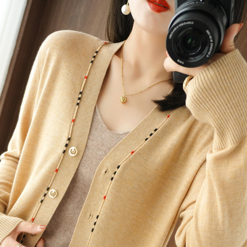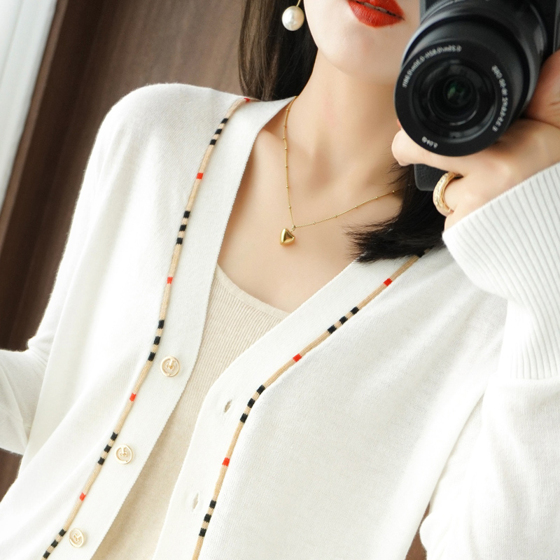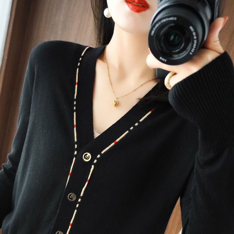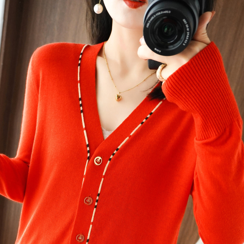 Early spring outlay knitted cardiovert woman V collar jacket new body fashion hit color short non cashmere sweaters bottom
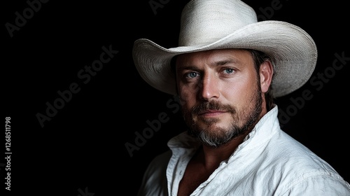Man in cowboy hat, portrait against black background. Possible use stock photo for western, fashion, or historical themes
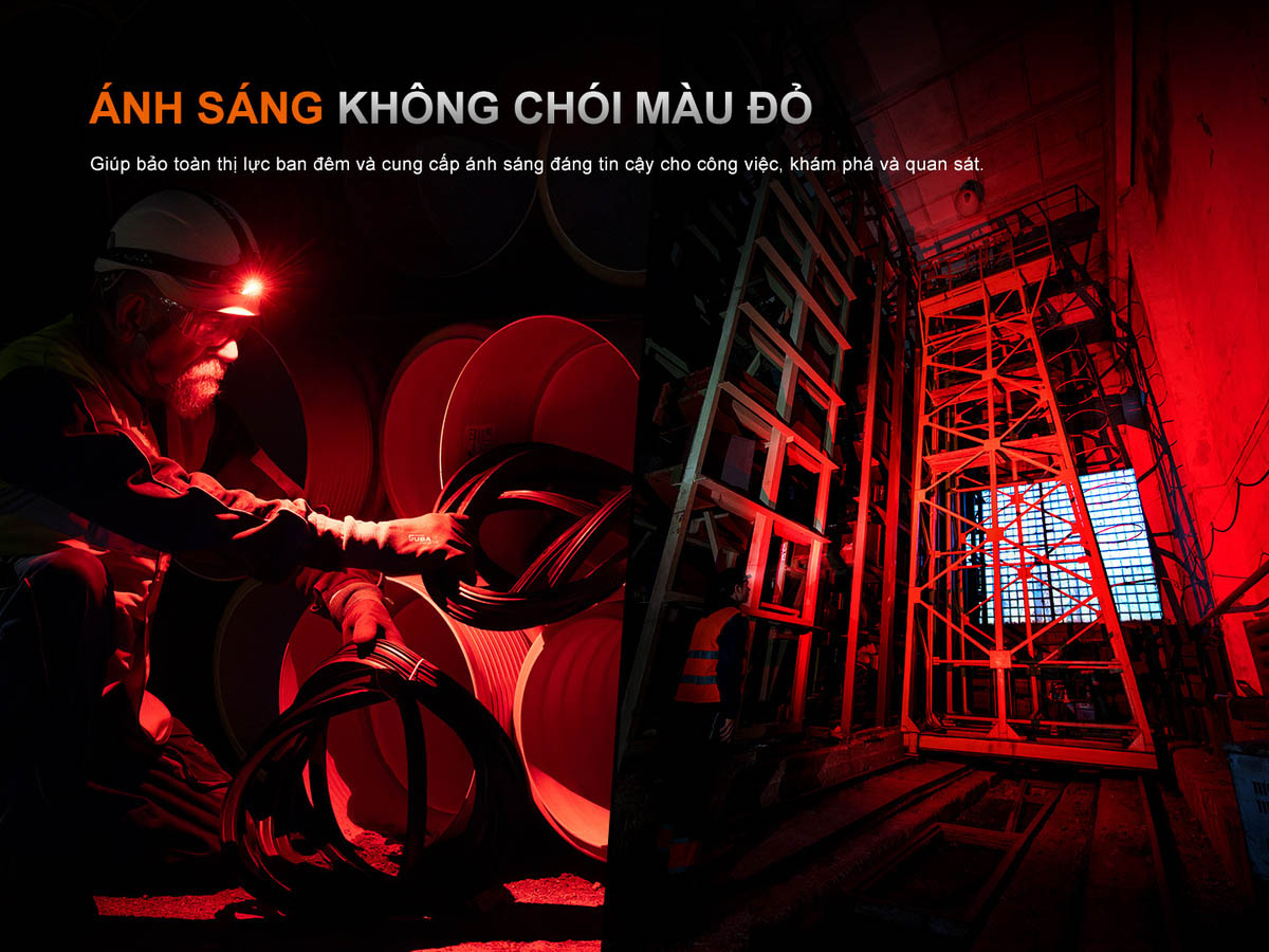 Bên cạnh ánh sáng trắng, đèn còn được trang bị đèn đỏ chống chói, giúp bảo vệ thị lực ban đêm, hạn chế làm lóa mắt người đối diện, không thu hút côn trùng và rất hữu ích trong các hoạt động như trekking ban đêm, quan sát bản đồ, cảnh báo an toàn hoặc sử dụng trong môi trường cần sự kín đáo.
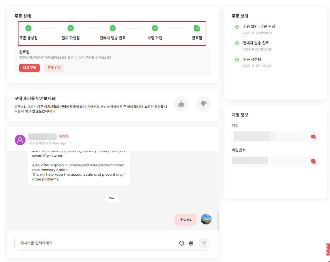 (5) 문제가 생겼을 때, 판매자와 채팅을 쉽게 해결할 수 있습니다. 저는 6시간 만에 해결 됐습니다.
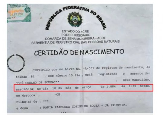 O Instituto Nacional do Seguro Social (INSS) no Acre divulgou esta semana a história do ex-seringueiro João Coelho de Souza, de 131 anos. Segundo a certidão de nascimento, ele nasceu em 10 de março de 1884, na cidade de Meruoca (CE).
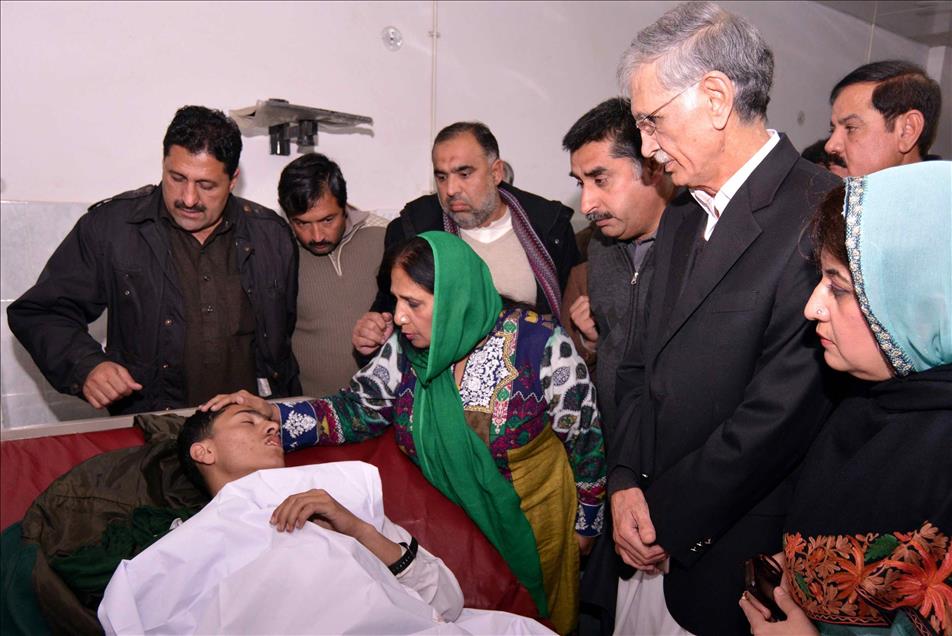 Pakistan'ın Peşaver kentinde Taliban'ın üstlendiği okul saldırısında 132'si öğrenci, 9'u öğretmen olmak üzere 141 kişi öldü, 121 öğrenci ve 7 komando yaralandı. Hayber Paktunhva Eyalet Başbakanı Pervez Hattak (sağ-2) yaralı öğrencileri hastanede ziyaret etti. (Muhammad Asad - Anadolu Ajansı)Muhammad Asad
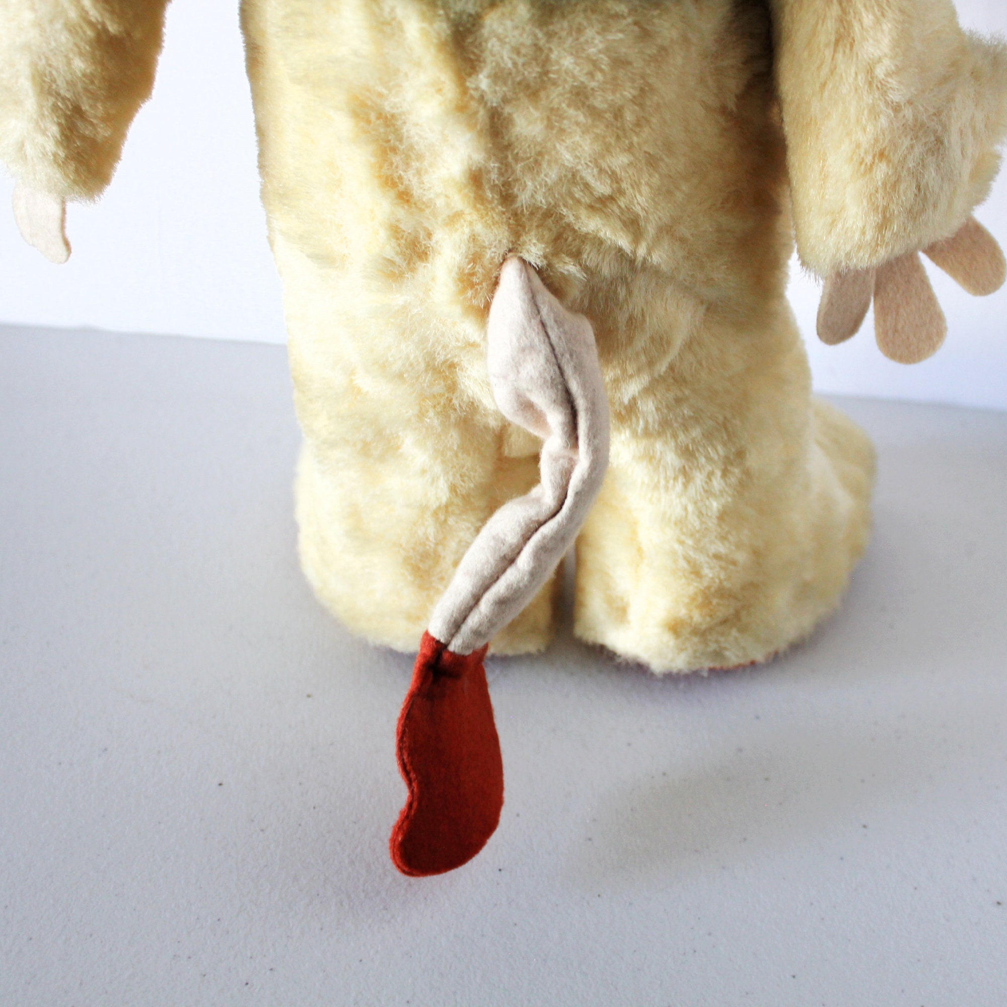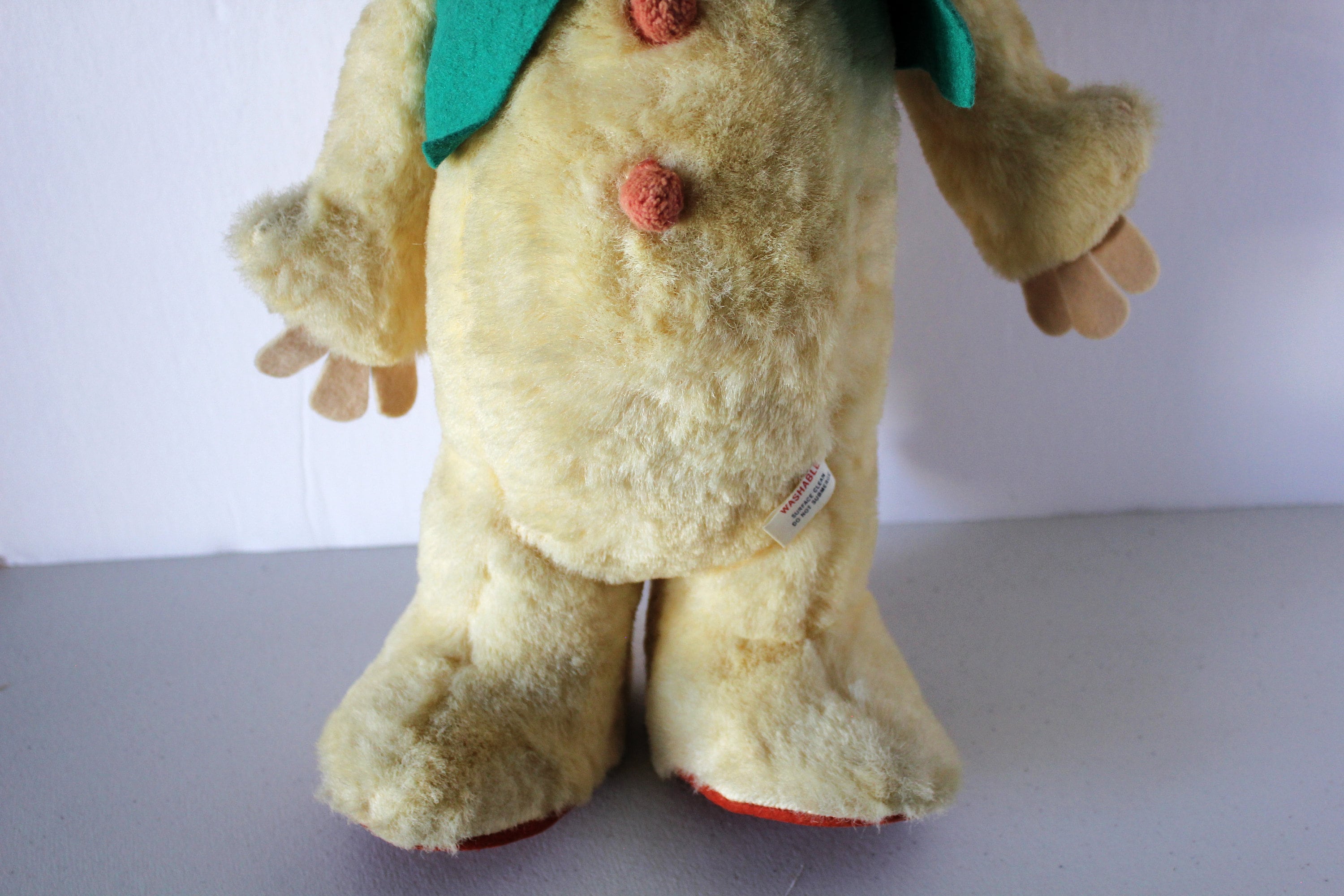 The toy is in pretty good shape for its age. There is some minor soiling on the rubber face and some color missing from the nose area and maybe the tongue edges. The bottom of one foot as a few worn spots in the felt.
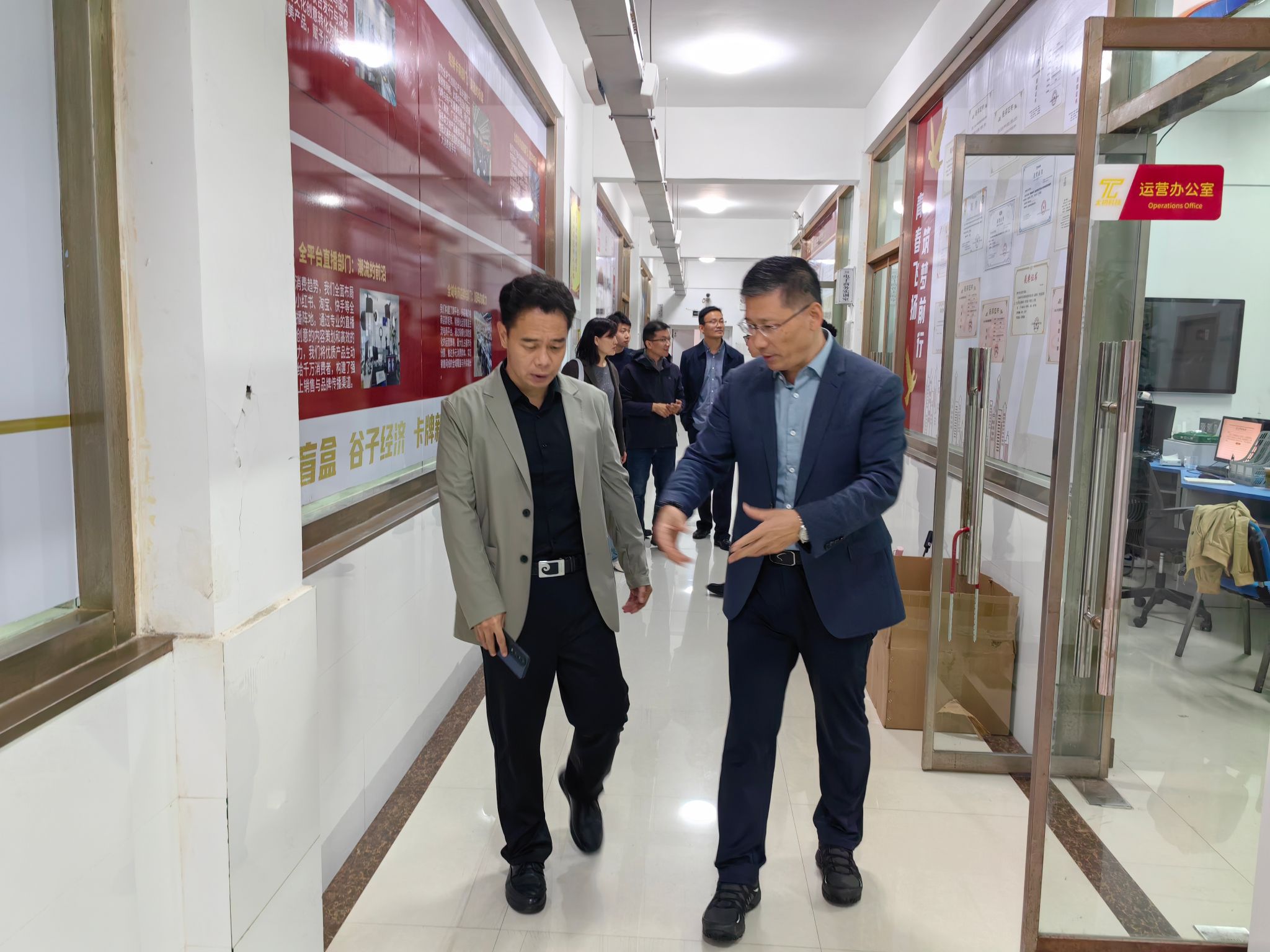 黄院长一行参观了国家级虚拟仿真实训基地、青春电商谷、太初科技产教融合直播基地,与太初科技企业几位领导进行了深入交流,对我系引进企业真实项目,深化产教融合,改进教学模式,提高学生实践能力,实现了人才链与产业链无缝对接、课堂与工厂的无缝衔接的做法给与了高度评价和赞许。
━━━━
#### DESCRIPTION OF THE TASK
In the entries above, find the line containing "The toy is in"; transcribe exactly that line and every line after it through the end, and only those, omitting pictures.

#### TASK OUTPUT
 The toy is in pretty good shape for its age. There is some minor soiling on the rubber face and some color missing from the nose area and maybe the tongue edges. The bottom of one foot as a few worn spots in the felt.
 黄院长一行参观了国家级虚拟仿真实训基地、青春电商谷、太初科技产教融合直播基地,与太初科技企业几位领导进行了深入交流,对我系引进企业真实项目,深化产教融合,改进教学模式,提高学生实践能力,实现了人才链与产业链无缝对接、课堂与工厂的无缝衔接的做法给与了高度评价和赞许。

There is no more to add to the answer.